## Problem statement
Beginning with the line that has "동서양을 막론하고 세계적으로" and ending with the line that has "9月3日,紀念中國人民抗日戰", retype the entries below exactly, except for the pictures.

## Supplied records
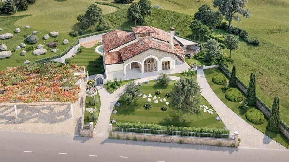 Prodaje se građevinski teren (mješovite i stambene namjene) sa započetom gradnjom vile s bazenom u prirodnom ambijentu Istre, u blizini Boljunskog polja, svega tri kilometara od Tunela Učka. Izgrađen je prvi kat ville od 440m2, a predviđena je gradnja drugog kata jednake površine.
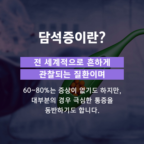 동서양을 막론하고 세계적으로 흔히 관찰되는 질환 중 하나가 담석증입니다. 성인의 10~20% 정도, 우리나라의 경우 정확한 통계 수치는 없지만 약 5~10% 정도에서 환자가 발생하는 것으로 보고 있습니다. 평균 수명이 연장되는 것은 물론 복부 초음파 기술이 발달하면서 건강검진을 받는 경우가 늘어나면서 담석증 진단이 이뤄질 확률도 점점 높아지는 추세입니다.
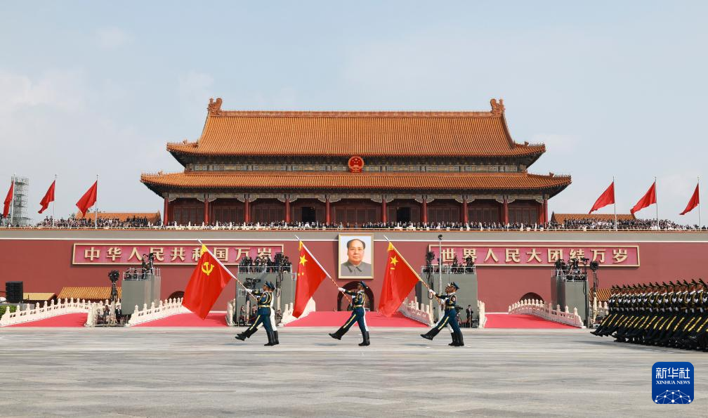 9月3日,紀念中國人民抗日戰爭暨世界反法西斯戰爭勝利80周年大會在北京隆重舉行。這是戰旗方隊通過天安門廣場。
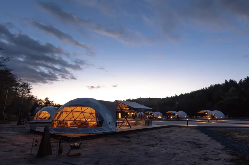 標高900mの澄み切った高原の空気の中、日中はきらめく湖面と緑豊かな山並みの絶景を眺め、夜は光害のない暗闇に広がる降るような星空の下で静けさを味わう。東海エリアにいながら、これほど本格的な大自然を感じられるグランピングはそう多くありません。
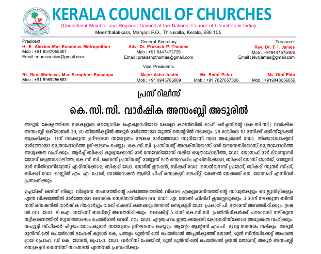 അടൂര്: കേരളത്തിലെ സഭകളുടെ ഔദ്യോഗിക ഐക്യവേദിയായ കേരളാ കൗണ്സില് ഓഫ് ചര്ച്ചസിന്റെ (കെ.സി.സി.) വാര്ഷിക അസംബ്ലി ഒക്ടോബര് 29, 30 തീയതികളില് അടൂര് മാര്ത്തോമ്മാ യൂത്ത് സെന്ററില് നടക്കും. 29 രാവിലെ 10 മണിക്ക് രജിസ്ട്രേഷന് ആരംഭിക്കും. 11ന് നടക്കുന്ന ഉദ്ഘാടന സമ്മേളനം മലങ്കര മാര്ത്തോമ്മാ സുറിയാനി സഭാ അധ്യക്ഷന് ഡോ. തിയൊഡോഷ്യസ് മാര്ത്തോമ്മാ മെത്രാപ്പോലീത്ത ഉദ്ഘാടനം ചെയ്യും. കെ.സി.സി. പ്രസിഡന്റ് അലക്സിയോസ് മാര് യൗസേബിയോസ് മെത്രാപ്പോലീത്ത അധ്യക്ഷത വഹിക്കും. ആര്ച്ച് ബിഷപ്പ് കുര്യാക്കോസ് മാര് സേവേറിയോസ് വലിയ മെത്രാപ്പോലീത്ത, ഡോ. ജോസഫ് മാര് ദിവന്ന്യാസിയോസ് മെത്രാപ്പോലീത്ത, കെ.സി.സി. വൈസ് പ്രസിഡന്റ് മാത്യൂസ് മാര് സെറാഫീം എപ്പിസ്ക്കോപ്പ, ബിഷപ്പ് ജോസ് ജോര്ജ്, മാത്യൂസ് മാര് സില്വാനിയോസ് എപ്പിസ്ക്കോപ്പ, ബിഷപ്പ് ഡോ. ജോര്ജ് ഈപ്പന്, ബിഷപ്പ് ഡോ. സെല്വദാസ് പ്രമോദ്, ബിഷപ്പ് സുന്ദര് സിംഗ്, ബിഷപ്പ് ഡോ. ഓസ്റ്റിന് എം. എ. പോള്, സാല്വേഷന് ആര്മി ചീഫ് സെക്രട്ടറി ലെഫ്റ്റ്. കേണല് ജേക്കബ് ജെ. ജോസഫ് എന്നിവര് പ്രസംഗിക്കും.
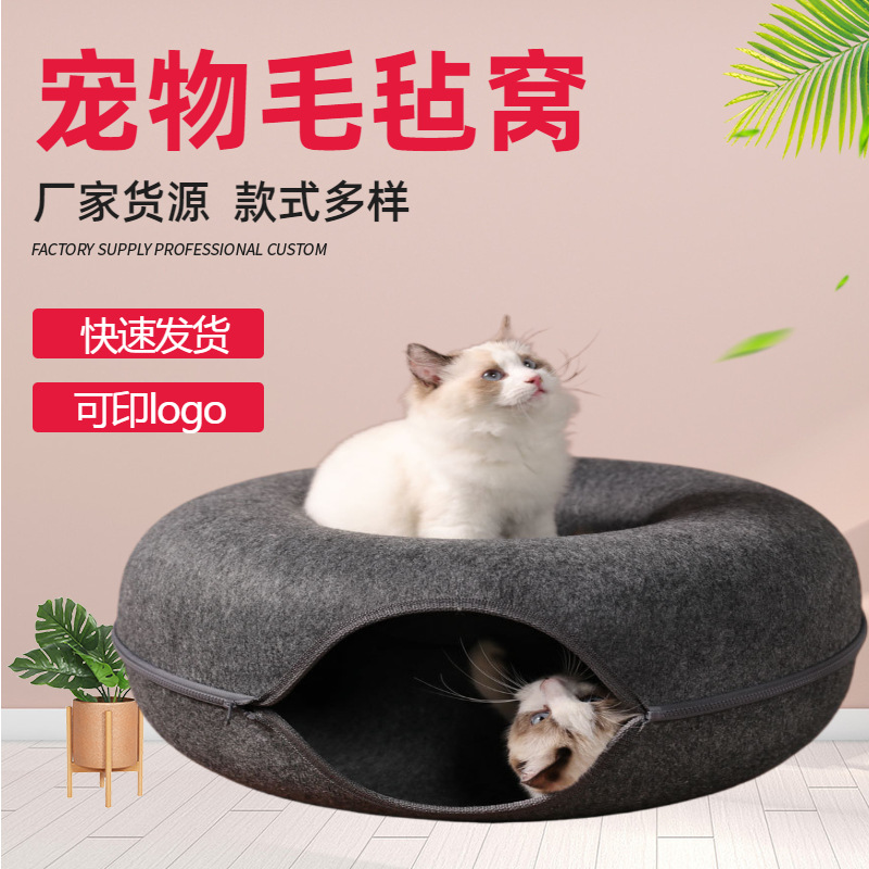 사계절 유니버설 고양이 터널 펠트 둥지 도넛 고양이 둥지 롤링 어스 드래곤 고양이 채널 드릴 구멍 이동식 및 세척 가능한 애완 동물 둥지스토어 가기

## Output of the exercise
 동서양을 막론하고 세계적으로 흔히 관찰되는 질환 중 하나가 담석증입니다. 성인의 10~20% 정도, 우리나라의 경우 정확한 통계 수치는 없지만 약 5~10% 정도에서 환자가 발생하는 것으로 보고 있습니다. 평균 수명이 연장되는 것은 물론 복부 초음파 기술이 발달하면서 건강검진을 받는 경우가 늘어나면서 담석증 진단이 이뤄질 확률도 점점 높아지는 추세입니다.
 9月3日,紀念中國人民抗日戰爭暨世界反法西斯戰爭勝利80周年大會在北京隆重舉行。這是戰旗方隊通過天安門廣場。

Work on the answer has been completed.